> **EXERCISE AIM**: Restate all of the data precisely, omitting nothing.
_ _ _
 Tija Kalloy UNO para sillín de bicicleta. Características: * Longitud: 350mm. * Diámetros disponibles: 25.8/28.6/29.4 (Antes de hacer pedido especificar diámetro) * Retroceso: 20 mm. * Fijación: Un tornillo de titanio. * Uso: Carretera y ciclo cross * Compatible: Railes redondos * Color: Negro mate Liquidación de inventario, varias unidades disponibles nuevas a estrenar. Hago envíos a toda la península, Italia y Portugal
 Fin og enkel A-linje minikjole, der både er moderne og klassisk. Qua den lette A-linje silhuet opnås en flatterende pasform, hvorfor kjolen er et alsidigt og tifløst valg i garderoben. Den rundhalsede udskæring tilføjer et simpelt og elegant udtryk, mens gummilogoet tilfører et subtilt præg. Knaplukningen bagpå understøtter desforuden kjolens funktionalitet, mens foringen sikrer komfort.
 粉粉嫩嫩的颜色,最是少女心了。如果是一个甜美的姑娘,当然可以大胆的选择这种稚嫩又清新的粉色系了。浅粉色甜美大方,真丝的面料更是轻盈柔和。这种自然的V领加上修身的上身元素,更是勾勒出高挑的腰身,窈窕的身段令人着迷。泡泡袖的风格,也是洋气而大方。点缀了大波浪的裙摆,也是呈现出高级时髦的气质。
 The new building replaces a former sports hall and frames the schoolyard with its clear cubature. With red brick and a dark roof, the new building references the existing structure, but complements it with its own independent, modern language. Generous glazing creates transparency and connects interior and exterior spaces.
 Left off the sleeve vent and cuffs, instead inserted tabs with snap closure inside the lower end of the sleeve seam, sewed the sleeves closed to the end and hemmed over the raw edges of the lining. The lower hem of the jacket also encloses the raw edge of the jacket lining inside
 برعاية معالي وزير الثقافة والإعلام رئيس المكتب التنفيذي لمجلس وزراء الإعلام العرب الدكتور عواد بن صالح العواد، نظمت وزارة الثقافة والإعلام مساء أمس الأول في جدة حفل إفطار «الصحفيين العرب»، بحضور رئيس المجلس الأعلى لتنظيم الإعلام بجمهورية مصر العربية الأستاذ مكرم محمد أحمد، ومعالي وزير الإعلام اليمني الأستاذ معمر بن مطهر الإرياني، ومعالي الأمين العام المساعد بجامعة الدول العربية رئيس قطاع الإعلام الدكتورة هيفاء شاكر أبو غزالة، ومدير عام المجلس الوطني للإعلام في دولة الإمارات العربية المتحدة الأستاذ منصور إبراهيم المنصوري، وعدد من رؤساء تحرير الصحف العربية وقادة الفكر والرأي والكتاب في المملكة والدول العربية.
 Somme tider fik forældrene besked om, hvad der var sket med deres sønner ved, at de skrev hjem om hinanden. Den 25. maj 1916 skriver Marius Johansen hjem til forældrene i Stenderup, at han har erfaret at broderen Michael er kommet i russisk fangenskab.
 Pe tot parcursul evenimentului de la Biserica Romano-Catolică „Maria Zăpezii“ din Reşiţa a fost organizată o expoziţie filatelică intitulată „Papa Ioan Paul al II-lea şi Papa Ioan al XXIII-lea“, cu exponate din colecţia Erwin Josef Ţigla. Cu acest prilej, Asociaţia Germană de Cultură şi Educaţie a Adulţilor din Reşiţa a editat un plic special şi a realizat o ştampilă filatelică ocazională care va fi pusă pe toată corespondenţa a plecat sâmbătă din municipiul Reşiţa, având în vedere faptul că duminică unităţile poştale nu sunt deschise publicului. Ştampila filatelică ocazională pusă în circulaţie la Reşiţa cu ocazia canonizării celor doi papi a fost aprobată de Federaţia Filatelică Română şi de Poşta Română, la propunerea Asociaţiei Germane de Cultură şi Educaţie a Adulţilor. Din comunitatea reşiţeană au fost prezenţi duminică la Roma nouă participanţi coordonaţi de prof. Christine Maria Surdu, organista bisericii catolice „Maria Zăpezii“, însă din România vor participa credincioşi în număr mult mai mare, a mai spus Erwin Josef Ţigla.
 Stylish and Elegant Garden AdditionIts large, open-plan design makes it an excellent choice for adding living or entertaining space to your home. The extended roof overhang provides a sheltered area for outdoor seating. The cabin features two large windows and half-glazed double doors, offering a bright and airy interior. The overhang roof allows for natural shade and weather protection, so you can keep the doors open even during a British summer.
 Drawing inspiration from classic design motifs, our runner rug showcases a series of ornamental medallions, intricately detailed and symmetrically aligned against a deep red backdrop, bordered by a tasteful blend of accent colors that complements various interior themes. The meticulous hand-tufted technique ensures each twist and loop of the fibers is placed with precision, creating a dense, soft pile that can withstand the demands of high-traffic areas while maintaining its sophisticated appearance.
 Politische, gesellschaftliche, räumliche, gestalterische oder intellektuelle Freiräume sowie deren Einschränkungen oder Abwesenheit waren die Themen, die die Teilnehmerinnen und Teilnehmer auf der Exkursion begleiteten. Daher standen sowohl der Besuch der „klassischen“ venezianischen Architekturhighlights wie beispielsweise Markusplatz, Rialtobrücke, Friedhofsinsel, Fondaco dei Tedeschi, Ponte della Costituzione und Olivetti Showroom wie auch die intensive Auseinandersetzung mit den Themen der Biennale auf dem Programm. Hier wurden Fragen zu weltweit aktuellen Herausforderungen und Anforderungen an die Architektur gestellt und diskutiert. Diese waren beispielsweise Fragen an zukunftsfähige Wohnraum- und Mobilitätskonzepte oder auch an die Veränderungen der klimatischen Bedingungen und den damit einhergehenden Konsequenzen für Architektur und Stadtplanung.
_ _ _
> **TASK RESPONSE**:
 Tija Kalloy UNO para sillín de bicicleta. Características: * Longitud: 350mm. * Diámetros disponibles: 25.8/28.6/29.4 (Antes de hacer pedido especificar diámetro) * Retroceso: 20 mm. * Fijación: Un tornillo de titanio. * Uso: Carretera y ciclo cross * Compatible: Railes redondos * Color: Negro mate Liquidación de inventario, varias unidades disponibles nuevas a estrenar. Hago envíos a toda la península, Italia y Portugal
 Fin og enkel A-linje minikjole, der både er moderne og klassisk. Qua den lette A-linje silhuet opnås en flatterende pasform, hvorfor kjolen er et alsidigt og tifløst valg i garderoben. Den rundhalsede udskæring tilføjer et simpelt og elegant udtryk, mens gummilogoet tilfører et subtilt præg. Knaplukningen bagpå understøtter desforuden kjolens funktionalitet, mens foringen sikrer komfort.
 粉粉嫩嫩的颜色,最是少女心了。如果是一个甜美的姑娘,当然可以大胆的选择这种稚嫩又清新的粉色系了。浅粉色甜美大方,真丝的面料更是轻盈柔和。这种自然的V领加上修身的上身元素,更是勾勒出高挑的腰身,窈窕的身段令人着迷。泡泡袖的风格,也是洋气而大方。点缀了大波浪的裙摆,也是呈现出高级时髦的气质。
 The new building replaces a former sports hall and frames the schoolyard with its clear cubature. With red brick and a dark roof, the new building references the existing structure, but complements it with its own independent, modern language. Generous glazing creates transparency and connects interior and exterior spaces.
 Left off the sleeve vent and cuffs, instead inserted tabs with snap closure inside the lower end of the sleeve seam, sewed the sleeves closed to the end and hemmed over the raw edges of the lining. The lower hem of the jacket also encloses the raw edge of the jacket lining inside
 برعاية معالي وزير الثقافة والإعلام رئيس المكتب التنفيذي لمجلس وزراء الإعلام العرب الدكتور عواد بن صالح العواد، نظمت وزارة الثقافة والإعلام مساء أمس الأول في جدة حفل إفطار «الصحفيين العرب»، بحضور رئيس المجلس الأعلى لتنظيم الإعلام بجمهورية مصر العربية الأستاذ مكرم محمد أحمد، ومعالي وزير الإعلام اليمني الأستاذ معمر بن مطهر الإرياني، ومعالي الأمين العام المساعد بجامعة الدول العربية رئيس قطاع الإعلام الدكتورة هيفاء شاكر أبو غزالة، ومدير عام المجلس الوطني للإعلام في دولة الإمارات العربية المتحدة الأستاذ منصور إبراهيم المنصوري، وعدد من رؤساء تحرير الصحف العربية وقادة الفكر والرأي والكتاب في المملكة والدول العربية.
 Somme tider fik forældrene besked om, hvad der var sket med deres sønner ved, at de skrev hjem om hinanden. Den 25. maj 1916 skriver Marius Johansen hjem til forældrene i Stenderup, at han har erfaret at broderen Michael er kommet i russisk fangenskab.
 Pe tot parcursul evenimentului de la Biserica Romano-Catolică „Maria Zăpezii“ din Reşiţa a fost organizată o expoziţie filatelică intitulată „Papa Ioan Paul al II-lea şi Papa Ioan al XXIII-lea“, cu exponate din colecţia Erwin Josef Ţigla. Cu acest prilej, Asociaţia Germană de Cultură şi Educaţie a Adulţilor din Reşiţa a editat un plic special şi a realizat o ştampilă filatelică ocazională care va fi pusă pe toată corespondenţa a plecat sâmbătă din municipiul Reşiţa, având în vedere faptul că duminică unităţile poştale nu sunt deschise publicului. Ştampila filatelică ocazională pusă în circulaţie la Reşiţa cu ocazia canonizării celor doi papi a fost aprobată de Federaţia Filatelică Română şi de Poşta Română, la propunerea Asociaţiei Germane de Cultură şi Educaţie a Adulţilor. Din comunitatea reşiţeană au fost prezenţi duminică la Roma nouă participanţi coordonaţi de prof. Christine Maria Surdu, organista bisericii catolice „Maria Zăpezii“, însă din România vor participa credincioşi în număr mult mai mare, a mai spus Erwin Josef Ţigla.
 Stylish and Elegant Garden AdditionIts large, open-plan design makes it an excellent choice for adding living or entertaining space to your home. The extended roof overhang provides a sheltered area for outdoor seating. The cabin features two large windows and half-glazed double doors, offering a bright and airy interior. The overhang roof allows for natural shade and weather protection, so you can keep the doors open even during a British summer.
 Drawing inspiration from classic design motifs, our runner rug showcases a series of ornamental medallions, intricately detailed and symmetrically aligned against a deep red backdrop, bordered by a tasteful blend of accent colors that complements various interior themes. The meticulous hand-tufted technique ensures each twist and loop of the fibers is placed with precision, creating a dense, soft pile that can withstand the demands of high-traffic areas while maintaining its sophisticated appearance.
 Politische, gesellschaftliche, räumliche, gestalterische oder intellektuelle Freiräume sowie deren Einschränkungen oder Abwesenheit waren die Themen, die die Teilnehmerinnen und Teilnehmer auf der Exkursion begleiteten. Daher standen sowohl der Besuch der „klassischen“ venezianischen Architekturhighlights wie beispielsweise Markusplatz, Rialtobrücke, Friedhofsinsel, Fondaco dei Tedeschi, Ponte della Costituzione und Olivetti Showroom wie auch die intensive Auseinandersetzung mit den Themen der Biennale auf dem Programm. Hier wurden Fragen zu weltweit aktuellen Herausforderungen und Anforderungen an die Architektur gestellt und diskutiert. Diese waren beispielsweise Fragen an zukunftsfähige Wohnraum- und Mobilitätskonzepte oder auch an die Veränderungen der klimatischen Bedingungen und den damit einhergehenden Konsequenzen für Architektur und Stadtplanung.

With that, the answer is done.